To me slavery is forcing someone to do something. It's not banning someone from doing something.

For example for me, stuff that is a form of slavery:
Taxation, draft, forcing kids to go to school until a certain age.

Stuff I don't consider slavery when those items are banned (yet I still believe these things should be legal):
- All drugs
- Abortion
- All types of living arrangement
- pornography
- gambling
- selling your organs
- Doing what you want outside of the U.S. instead of being restricted because you're a U.S. citizen
- Visiting the countries you want to visit regardless of the U.S. relation with them.
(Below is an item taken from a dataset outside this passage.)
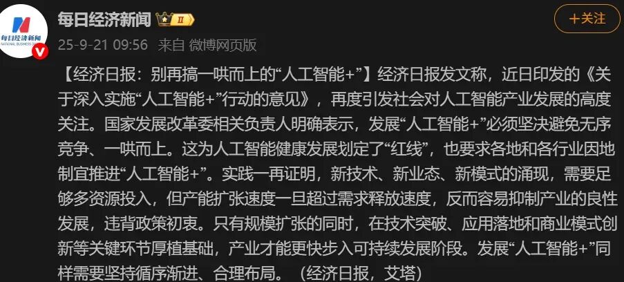 经济日报近期发文,发展人工智能+必须坚决避免无序竞争、一哄而上,要求各地各行业因地制宜推进人工智能+,保持良性发展,不要违背政策初衷。而,今年再往前的3月份两会期间,谭铁牛院士也提到过,我们要拥抱AI,但是要警惕一哄而上和一哄而散。人工智能当然要发展,但是并不需要每个省市都要重复建设,更不需要内卷式的发展。国家对于人工智能的相关发文,绝非简单的“泼冷水”,而是在当前的产业发展阶段下,一次极具前瞻性的预期管理。这并不是为了浇灭人工智能发展的蓬勃火焰,而是为了去掉虚火,使得行业能够少走弯路,持续健康地发展。事实上,我们从房地产、生猪养殖、新能源汽车等行业的发展教训中,已经多次感受到了一哄而上、一哄而散的危害性;所以,我们不得不防人工智能再次重蹈覆辙。大家已经能够深刻地感受到各项数据的冰冷,无论是从二手房的销售价格、租赁价格,还是土地拍卖价格、在建住宅的面积等等数据都能感受到一哄而散的无力感。但是,大家千万不要忘记了这个行业也曾经繁荣过,曾经一哄而上过。恒大集团就是整个行业的一个缩影。恒大在2015年到2020年期间的盲目扩张,项目覆盖深圳、广州、武汉、郑州等多个城市。而恒大之所以能够快速拿地,就是通过高杠杆融资不断滚雪球,巅峰时期债务规模高达2.4万亿元。一个企业的债务,相当于一个深圳2020年的GDP总量了。所以,恒大这种“重规模轻现金流”的无序扩张模式,终究难逃历史规律,在2021年爆发债务危机。恒大虽然已经退市了,但是它在市场上的严重影响仍然没有完全消退。其中广州、深圳、武汉、郑州等重点城市受影响较为严重,许多楼盘已经长满杂草,遥遥无期。此外,恒大的问题也涉及到了许多上下游企业款项支付的问题,许多公司的应收账款变为坏账。特别是金螳螂仅2021年计提坏账就导致亏损40亿-50亿元,简直是黑天鹅。而其他的三棵树、索菲亚、皮阿诺等不计其数的企业都受到牵连。其中有一些没有上市的,抗风险能力小的受牵连企业已经降薪裁员、破产倒闭。恒大的债务问题还造成了一定范围内的金融震荡,影响到了职工的信托、三方理财,部分银行的借贷等。这个就不能多讲了。请记住,这仅仅是恒大一家企业而已。而,整个行业一哄而上、一哄而散对社会的影响将不可估量。我们讲过人工智能的发展为什么要因地制宜,要良性发展。因为,我们经历太多这种一哄而上的惨痛教训了,除了房地产之外,我们再来讲讲生猪养殖行业。2020年到2022年的猪周期中,大量的企业跟风扩产导致行业短短2、3年就严重地供大于需。2020年生猪价格飙至36.6元/公斤的历史高位,行业利润简直堪比金矿。各个企业都开始掀起扩产潮,生怕错过了一夜暴富的机会。其中,总部位于江西南昌的正邦科技就是一个激进扩张的典型案例。2020年到2021年正邦科技累计新增能繁母猪存栏超50万头,2021年生猪出栏量同比增长56%至1492万头。一方面是股权融资,在股票市场上高位发行股票募资进行扩建。另一方面就是去银行借钱,进行债务融资。正邦科技2021年三季度财报数据显示,资产负债率已经超过90%。你借钱扩张,我也跟着借钱扩张,到最后就是整个行业的一哄而上,供应了大量的猪肉,但是咱们就是14亿张嘴啊,多了也吃不了。任何事情都无法违背简单的供需规律。生猪价格在整个产业都大规模扩建的情况下开始暴跌,2022年10月跌至11.8元/公斤,较2020年高点近乎“腰斩再腰斩”,行业大多数企业都进入深度亏损期。正邦科技2021年净亏损达188.19亿元,2022年续亏95.44亿元。这时候正邦的资金链彻底断裂,已经资不抵债,欠了江西地区不少银行一屁股债务。经济日报提到,人工智能的发展要因地制宜、良性发展。其实,任何一个行业都应该因地制宜、良性发展。大家想一下,正邦科技本身就身处江西,你的养殖业再怎么发展,也不可能搞过农业大省河南的牧原股份啊。正邦不仅让自己付出了沉重代价,也对江西当地的就业、税收、银行造成了冲击,更让投资正邦的无数股民饱受摧残。值得注意的是,正邦科技依然只是整个生猪养殖行业的一个缩影而已,整个行业里其实不少企业都遭遇了和正邦一样的命运。这无疑是对社会资源的一种巨大浪费。浪费了银行借贷、浪费了当地的就业、税收优惠等等。据中国汽车工业协会预测,2025年国内新能源汽车产能规划已超过5000万辆,而实际年销量预计不足3000万辆,产能利用率不足60%。而供大于需的结果就是,头部企业为了在存量市场里抢占市场份额,率先开启价格战,部分车型降价幅度高达30%,直接导致行业平均利润率从2023年的8.5%降至2024年的4.1%,接近盈亏平衡点。浙江嘉兴有一家汽车企业的生产基地,正是凭借“互联网造车”概念走红的哪吒汽车。它因市场竞争加剧,2023年净亏损达64.9亿元,至今都没有喘过气来,依然行走在悬崖旁边。2025年4月哪吒汽车原CEO张勇“跑路英国”之际。哪吒汽车留下的是拖欠供应商的超60亿元的欠款,留下的是3000多名员工被拖欠薪资、社保断缴、期权作废,留下的是40万车主面临车机断网、换电站瘫痪、充电桩押金难退,售后近乎崩溃。无论是浙江嘉兴的哪吒汽车,还是浙江温州的威马汽车、江苏盐城的高合汽车、还是百度和吉利联合打造的极越汽车等等,都出现了员工讨薪、供应链企业讨债,这背后又打翻了多少个家庭的几两碎

I haven't really thought of what exactly equals slavery or not until just now. It just strikes me as odd to claim banning abortion is slavery because someone else is forbidding you to do what you want with your body. That's like me saying that it's slavery for me not to be allowed to sell my kidney organs. Yeah, I think it should be allowed (freedom n all), but that doesn't mean it's slavery for the government to ban me from selling my organs.

I'd rather individual states be the one to choose whether to allow people to sell their own body organs then the federal government. Because right now, the federal government bans it and I have much greater chance of having at least one state allow organ selling if it's up to the state to choose. Not that I'm currently or in the past have been interested in selling my organs, but I believe in freedom over your body as you wish.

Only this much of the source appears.